ABOUT THIS TASK:
Using the entries below, copy exactly each line from the line with "2.0mm间距 双排双塑 立贴" up to and including the line with "vivo【教育优惠-学生专享价】iQOO 12 12GB+256GB燃途版", with every picture left out.

EXTRACTED ENTRIES:

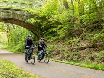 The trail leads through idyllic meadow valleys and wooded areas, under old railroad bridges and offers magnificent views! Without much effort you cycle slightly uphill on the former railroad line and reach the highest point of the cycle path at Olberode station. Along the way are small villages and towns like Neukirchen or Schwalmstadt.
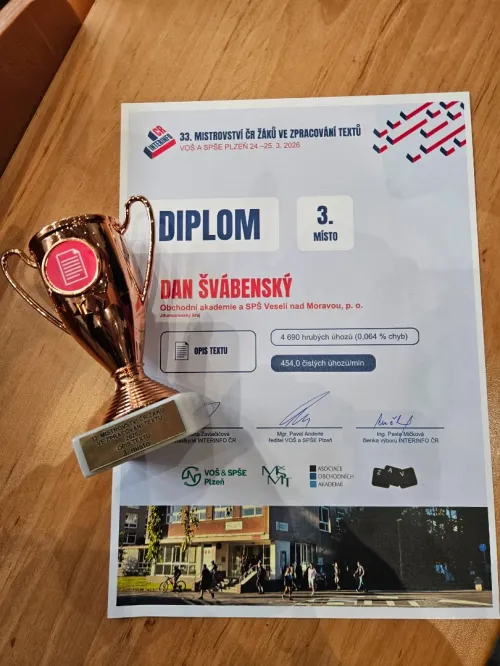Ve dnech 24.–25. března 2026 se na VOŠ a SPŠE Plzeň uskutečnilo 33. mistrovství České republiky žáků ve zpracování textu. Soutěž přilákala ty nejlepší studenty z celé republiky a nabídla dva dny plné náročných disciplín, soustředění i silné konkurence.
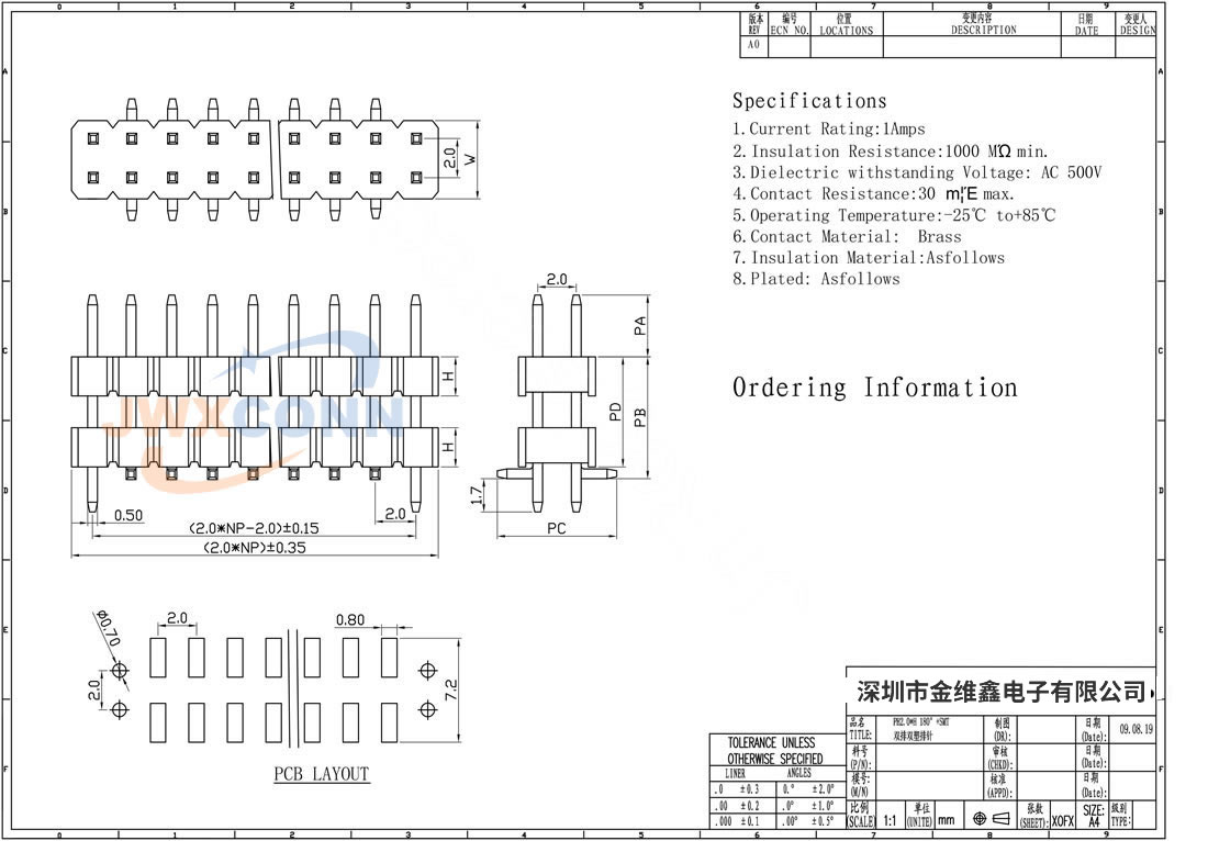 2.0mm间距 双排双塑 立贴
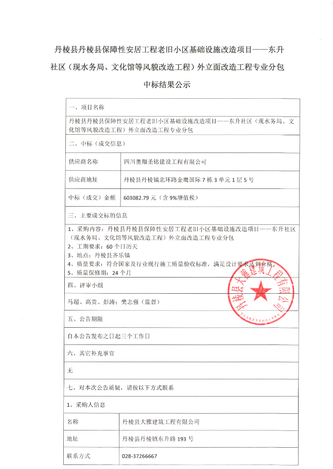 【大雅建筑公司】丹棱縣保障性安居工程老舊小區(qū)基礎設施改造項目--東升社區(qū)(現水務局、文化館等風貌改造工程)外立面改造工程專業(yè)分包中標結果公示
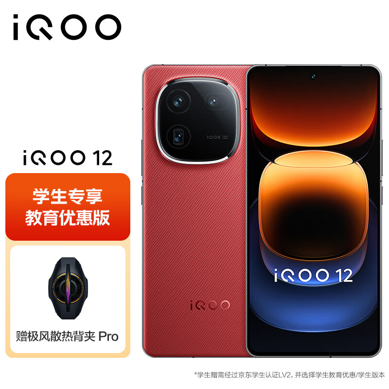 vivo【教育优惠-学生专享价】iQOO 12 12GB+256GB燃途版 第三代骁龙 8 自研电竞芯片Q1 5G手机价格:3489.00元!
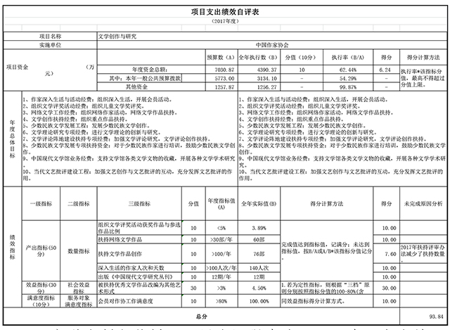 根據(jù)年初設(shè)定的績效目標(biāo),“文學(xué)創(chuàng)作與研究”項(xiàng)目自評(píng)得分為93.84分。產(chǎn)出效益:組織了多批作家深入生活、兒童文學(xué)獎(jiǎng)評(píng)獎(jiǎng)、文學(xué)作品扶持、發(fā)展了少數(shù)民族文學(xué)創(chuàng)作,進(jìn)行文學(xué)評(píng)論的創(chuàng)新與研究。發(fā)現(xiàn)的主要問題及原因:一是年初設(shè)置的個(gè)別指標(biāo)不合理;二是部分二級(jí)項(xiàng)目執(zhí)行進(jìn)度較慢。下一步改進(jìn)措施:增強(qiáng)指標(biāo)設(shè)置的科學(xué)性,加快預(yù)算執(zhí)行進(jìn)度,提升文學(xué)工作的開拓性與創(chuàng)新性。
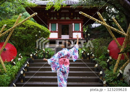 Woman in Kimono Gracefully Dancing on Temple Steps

ANSWER TO THE PROBLEM:
 2.0mm间距 双排双塑 立贴
 【大雅建筑公司】丹棱縣保障性安居工程老舊小區(qū)基礎設施改造項目--東升社區(qū)(現水務局、文化館等風貌改造工程)外立面改造工程專業(yè)分包中標結果公示
 vivo【教育优惠-学生专享价】iQOO 12 12GB+256GB燃途版 第三代骁龙 8 自研电竞芯片Q1 5G手机价格:3489.00元!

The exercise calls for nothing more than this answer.